● **THE DATA**:
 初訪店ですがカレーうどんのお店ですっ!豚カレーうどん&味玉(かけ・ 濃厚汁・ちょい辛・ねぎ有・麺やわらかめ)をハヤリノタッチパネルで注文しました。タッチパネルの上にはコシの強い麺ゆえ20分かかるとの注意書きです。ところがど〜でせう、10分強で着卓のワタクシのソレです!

* * *

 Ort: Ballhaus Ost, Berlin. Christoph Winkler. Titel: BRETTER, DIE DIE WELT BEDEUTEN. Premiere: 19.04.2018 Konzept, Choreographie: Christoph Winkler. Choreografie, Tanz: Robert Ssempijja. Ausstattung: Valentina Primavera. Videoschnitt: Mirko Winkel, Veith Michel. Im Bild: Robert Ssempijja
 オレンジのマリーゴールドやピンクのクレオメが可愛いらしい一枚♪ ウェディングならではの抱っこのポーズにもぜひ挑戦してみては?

● **ACTIVITY**:
The required output is the stretch of entries above from the line containing "Ort: Ballhaus Ost, Berlin." through the line containing "オレンジのマリーゴールドやピ", reproduced exactly.

● **ANSWER SPACE**:
 Ort: Ballhaus Ost, Berlin. Christoph Winkler. Titel: BRETTER, DIE DIE WELT BEDEUTEN. Premiere: 19.04.2018 Konzept, Choreographie: Christoph Winkler. Choreografie, Tanz: Robert Ssempijja. Ausstattung: Valentina Primavera. Videoschnitt: Mirko Winkel, Veith Michel. Im Bild: Robert Ssempijja
 オレンジのマリーゴールドやピンクのクレオメが可愛いらしい一枚♪ ウェディングならではの抱っこのポーズにもぜひ挑戦してみては?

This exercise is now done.